With the hype leading up to the IPO filing, we've read about how Peter Thiel's early investment of $500k is now worth in excess of $2 billion. LinkedIn founder Reid Hoffman reportedly invested $40,000 as an angel investor. His investment's current worth? About $350 million. Even if these reports are a little inaccurate, the wealth creation for early investors, founders and employees alike is astounding.
Every investor dreams of getting in on the meteoric rise of a hot stock like Facebook. But even if they wanted to, few individual investors have had the opportunity to acquire Facebook stock in the private market. Now, that changes with Facebook's IPO. So the question is: will Facebook turn out to be the next big thing for ordinary investors-or the next disappointing bust?
On the surface, investing in an enormously popular company like Facebook may seem like a sure bet, and the temptation is to join the gold rush by snapping up shares as the opening bell rings. But as the stock market has taught us over and over again, nothing is guaranteed and what happens next is anyone's guess.
Seeing beyond the hype: Lessons Learned
After debuting last May, shares of LinkedIn skyrocketed 138% on their first day of trading, rising from $45 to $122. But over the course of a few days, the stock plunged to $60 before again rising to more than $100. Six months later, shares sunk to a new low of $55. The stock is now trading at around $79.
Zynga and Pandora both saw their stocks fall on debut. In fact, Zynga opened below its issue price of $10. The stock has now recovered and is trading in the $12 range.
In July 2011, Zillow opened on the NASDAQ with a whopping $60 share price, but fell quickly to $34. It's currently trading at $31. No investor wants to be on the wrong side of timing these volatile swings.
While not always the case, many highly publicized stock market entrants have also underperformed over longer periods. Data compiled by Bloomberg reveals that, as a whole, all 333 IPOs that hit the market over the two-year period are collectively trading at a miserable minus 11 percent-actually losing money since their offering. And there's plenty of other evidence on poor IPO performance dating back to the late-80s.
An Alternative Way to Play
So, is there any way ordinary investors can potentially benefit from one of the biggest Internet IPOs? The answer is yes, but don't think of it as a quick, big payday.
Many investors may already indirectly own a small piece of Facebook without having to acquire shares on the market. According to a recent MarketWatch article, roughly 50 mutual funds and ETFs own stakes in the social media company (as of the end of 2011, 19 funds managed by T. Rowe Price held over $400 million Class A shares of Facebook). More funds will pick up shares in the future.
These holdings are relatively small though, and shouldn't be relied upon to suddenly boost performance of the funds in question.
Thinking Long Term
A better approach than seeking a quick gain is to focus on your long term investment goals. The dot-com bust and Great Recession have strengthened the case for sensible long-term investing like never before.

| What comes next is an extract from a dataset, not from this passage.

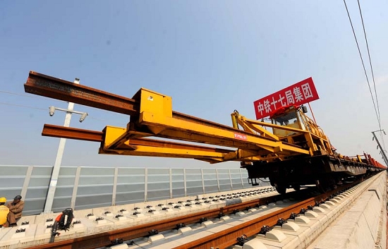 正在施工中的杭宁高铁目前在浙江境内已经完成钢轨铺设约100公里,完成杭宁高铁浙江境内钢轨铺设总长度的一半。施工方中铁十七局的施工人员正在利用近日的晴好天气加紧铺轨进度,每天可以完成约6公里的轨道铺设。杭宁高铁铺设的钢轨每根长500米,重30吨,施工方预计将于7月份完成杭宁高铁的全线铺轨。杭宁高铁由南京南站到杭州东站,全长近250公里,设计时速为350公里,预计今年10月进行全线的联调联试,年底前通车。

Diversification-not putting all your investment eggs in one basket-is essential to reduce overexposure to a single stock and to keep assets safe through bull and bear cycles. How an investor determines the right portfolio mix depends on individual objectives and appetite for risk as part of a sound investing plan, preferably for the long term.
In these uncertain times, it makes sense to evaluate Facebook (and any other IPOs, for that matter) within the context of your investment plan. Does your plan call for more exposure to the tech sector? Is your portfolio underweight in domestic growth stocks? Are there sound long-term fundamentals underlying the hype?
For prudent investors, these are the better questions to ask rather than wondering whether Facebook stock will rise or fall in the hours or days after IPO. That is akin to calling black or red on the roulette table.
Investing may be inherently risky, but it shouldn't be a speculative gamble, especially not if your financial future is at stake.
Disclosure: I have no positions in any stocks mentioned, and no plans to initiate any positions within the next 72 hours.